Elsewhere, the band steamed through a powerful version of Still Ill (Johnny Marr’s Dylan-esque harmonica part would later be dropped for the version that appeared on The Smiths’ debut album), though the session highlight is arguably the first studio recording of their future hit, This Charming Man, which Marr had only just completed.

“I wrote This Charming Man for a John Peel Session,” the guitarist told The Guardian in 2011, recalling how one of the best Smiths songs came together. “It was the culmination of trying to find a way of playing that was non-rock but still expressed my personality. I felt we needed something more upbeat in a different key and was miffed that Aztec Camera’s Roddy Frame was getting on the radio and we weren’t. That’s why it’s got that sunny disposition; my usual default setting was Manchester in the rain.

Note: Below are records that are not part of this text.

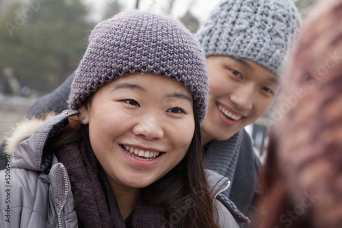 vertical, three people, young men, missy, smiling, laughing, talking, foulard, cap, warm clothes, casual clothes, beijing, china, outdoors, day, winter, happiness, enjoyment, friendship, fun, play, bonding, togetherness, carefree, hanging out, selective focus, portrait, color image, photo
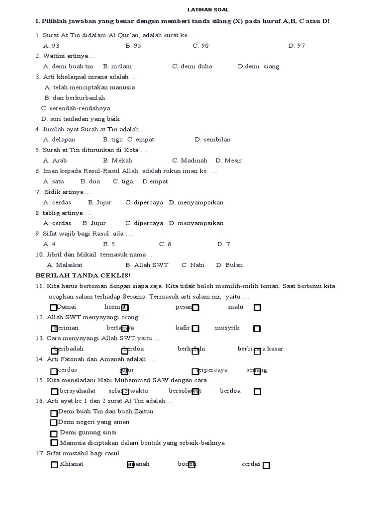 • Format yang Beragam: Carilah soal yang tidak hanya terdiri dari pilihan ganda, tetapi juga isian singkat, menjodohkan, atau esai singkat, sesuai dengan cakupan ujian yang sebenarnya.
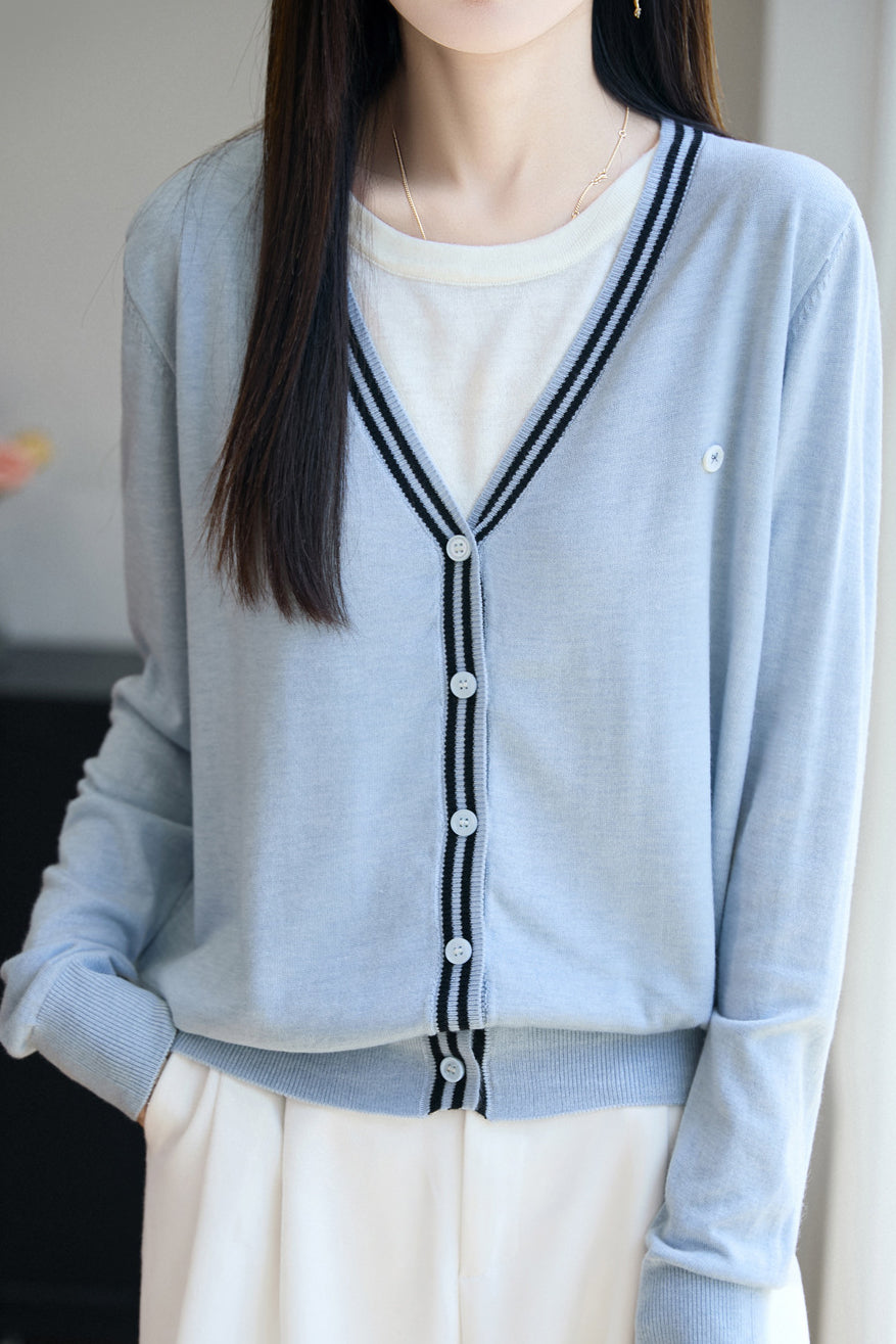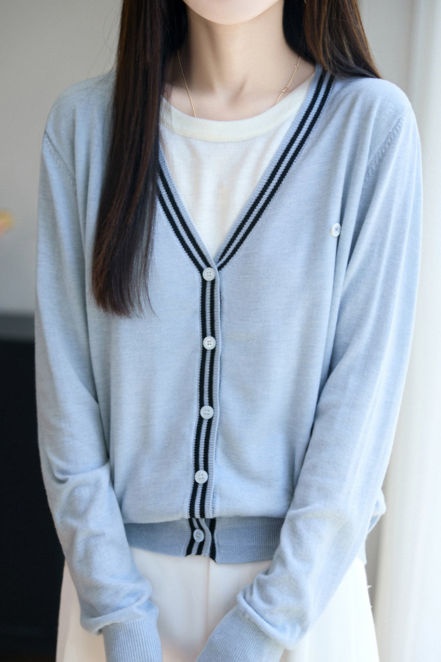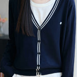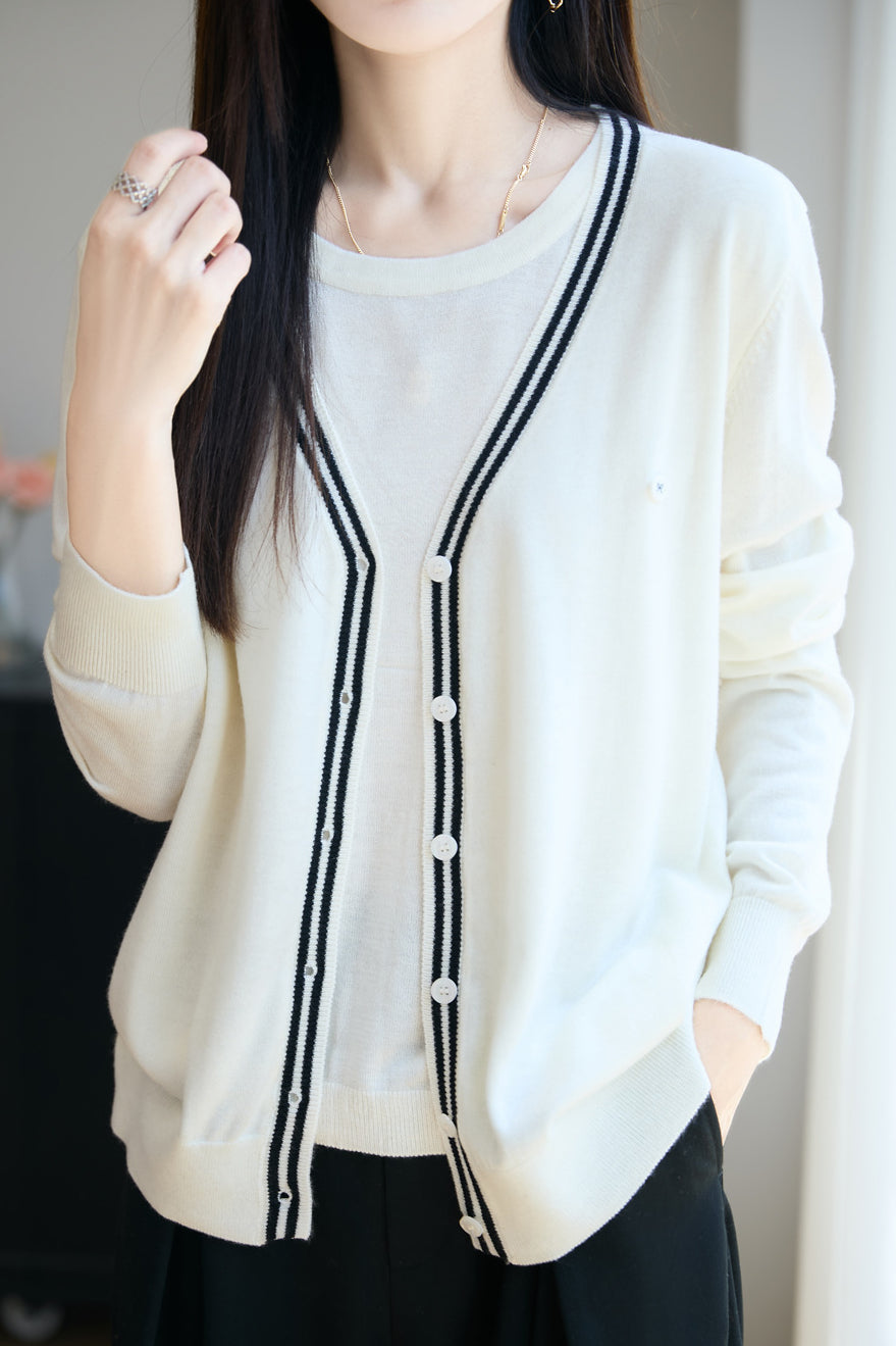 V-Neck Cardigan with Round Neck Knit Faux Layered Sweater

When we were recording it, Rough Trade’s Geoff Travis came in and said: ‘That’s got to be the single.’”

Must hear: This Charming Man

The Smiths’ Peel Session 3

Recorded: 1 August 1984

First broadcast: 9 August 1984

Repeated: 27 September 1984, 26 December 1984, 12 August 1985

Songs recorded: Nowhere Fast, How Soon Is Now?, William, It Was Really Nothing, Rusholme Ruffians

The story

If The Smiths’ second Peel Session caught them on the cusp of mainstream stardom, their third found them returning as conquering heroes. At this point, the group’s self-titled debut album had peaked at No.2 in the UK, and their latest single, William, It Was Really Nothing, was about to follow What Difference Does It Make? and Heaven Knows I’m Miserable Now into the Top 20.

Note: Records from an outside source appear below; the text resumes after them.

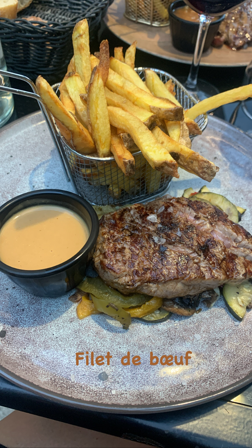 J ai pris le camember rôti aux pommes. L idee est superbe. Presentation élégante Mais déçue de la qualité Frites trop cuites et servies froides Louper des frites sacrilège. Une Petite salade verte 1 Demi feuille dans un petit recipient ou il est difficile de la couper. Je trouve le plat peu généreux et le prix trop élevé. Le prix du midi, lui convient mieux
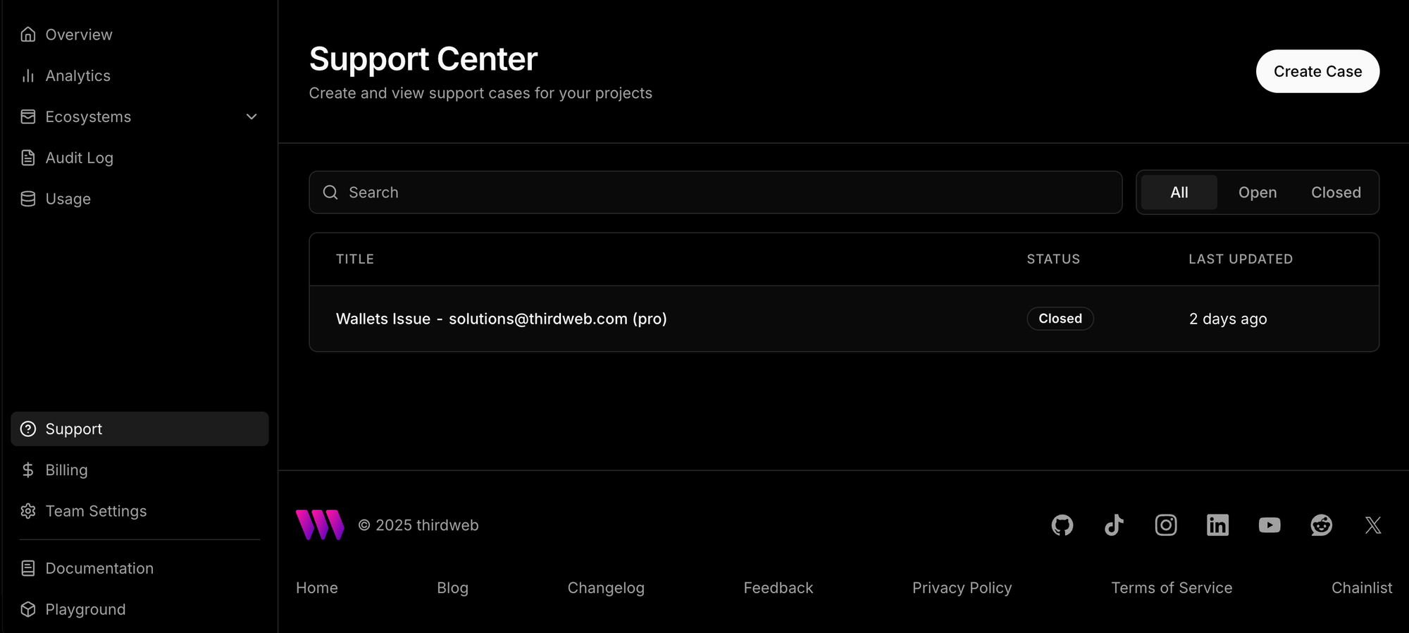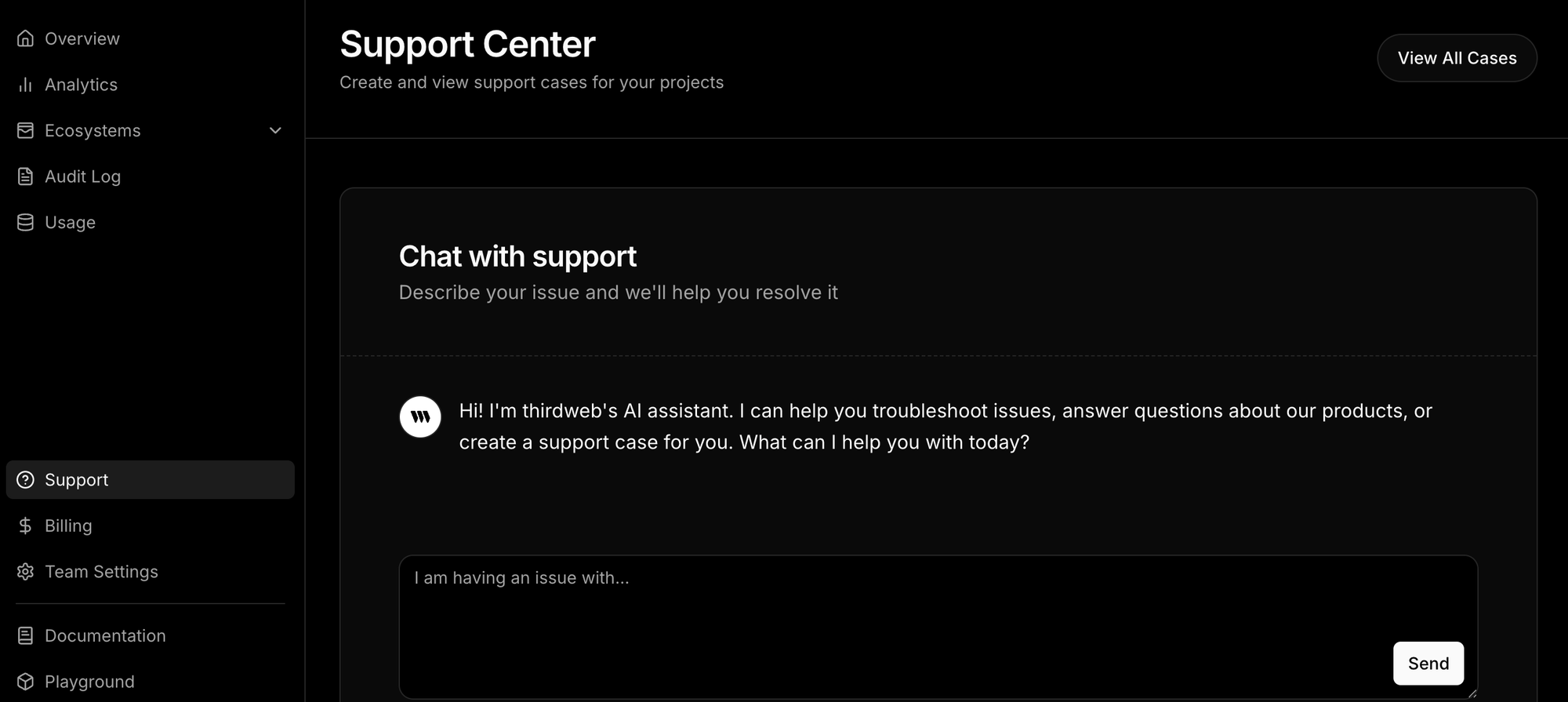 - For support SLAs by plan, visit: thirdweb.com/pricing
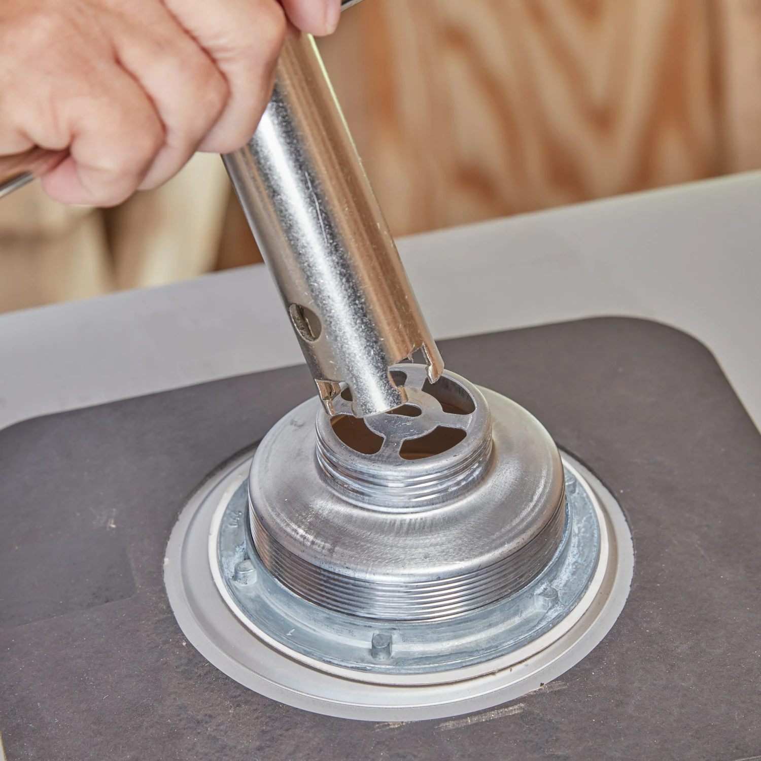 - Holds basket strainers in place during installation
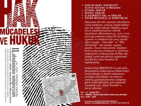 Halkın Hukuk Bürosu avukatlarından Fuat Erdoğan, 1994’de Beşiktaş’ta bir kafede otururken, ensesine sıkılan kurşunla öldürüldü. Erdoğan’ı öldürdükleri gerekçesiyle yargılanan polisler ise beraat ettiler. Erdoğan’ın anısı Halkın Hukuk Bürosu’nca bu yıl ikincisi düzenlenen sempozyumla yaşatılıyor. Sempozyuma, Chavez’in avukatı Vadell, Filistin Halk Kurtuluş Cephesi Genel Sekreteri Ahmet Saadat’ın avukatı Hassan Mahmud, Kolombiya’dan Boğata Baro Başkanı avukat Francisco Jouier Toloza Fuates de katılacak. Cumartesi günü saat 10.00’da açılışı yapılacak sempozyumda, “Haklar Nasıl Kazanıldı”, “Siyasal Haklar”, “Sosyal Haklar”, “Olağanüstü Hal ve Haklar”, “Özgün Mücadele ve Deneyimler” başlıklı konular ele alınacak. Yunanistan, Irak, Suriye, Lübnan, Almanya ve Türkiye’den hukukçuların da yer aldığı sempozyumun sonuç bildirgesi ise 19 Eylül Pazartesi açıklanacak.

The Smiths’ third Peel session, however, showed that they were still hungry and keen to prove their versatility. Indeed, apart from a sprightly version of William, It Was Really Nothing, this session also featured a powerful alternate version of the band’s towering future hit How Soon Is Now?, in addition to exhilarating debuts for the rockabilly-inclined Meat Is Murder songs Nowhere Fast and Rusholme Ruffians, the latter pivoting around one of Andy Rourke’s best basslines.

Minus How Soon Is Now?, The Smiths’ third Peel Session later appeared on the CD edition of 1987’s single release of the Strangeways, Here We Come highlight Last Night I Dreamt That Somebody Loved Me.

Must hear: Rusholme Ruffians

The Smiths’ Peel Session 4

Recorded: 2 December 1986

First broadcast: 17 December 1986

Repeated: 5 January 1987, 20 January 1987, 17 February 1987, 25 March 1987

Songs recorded: Is It Really So Strange?, London, Half A Person, Sweet And Tender Hooligan

The story

They didn’t know it at the time, but The Smiths ended up recording their last Peel Session just ten days before performing their final full-scale concert, at London’s Brixton Academy, on 12 December 1986.

In retrospect, there’s little here to suggest the band are approaching their end point, as they’re on viciously good form, weighing in with the rockiest and most uptempo of their four appearances on John Peel’s radio show.

Indeed, all the songs recorded at The Smiths’ fourth Peel Session would shortly see official release, with Half A Person and the fiery, feedback-framed London appearing on the flip of Shoplifters Of The World Unite, and Is It Really So Strange? and the anthemic Sweet And Tender Hooligan doing the honours on the reverse of Sheila Take A Bow. All of these excellent songs would also be released across the group’s two singles and rarities compilations, The World Won’t Listen and/or Louder Than Bombs.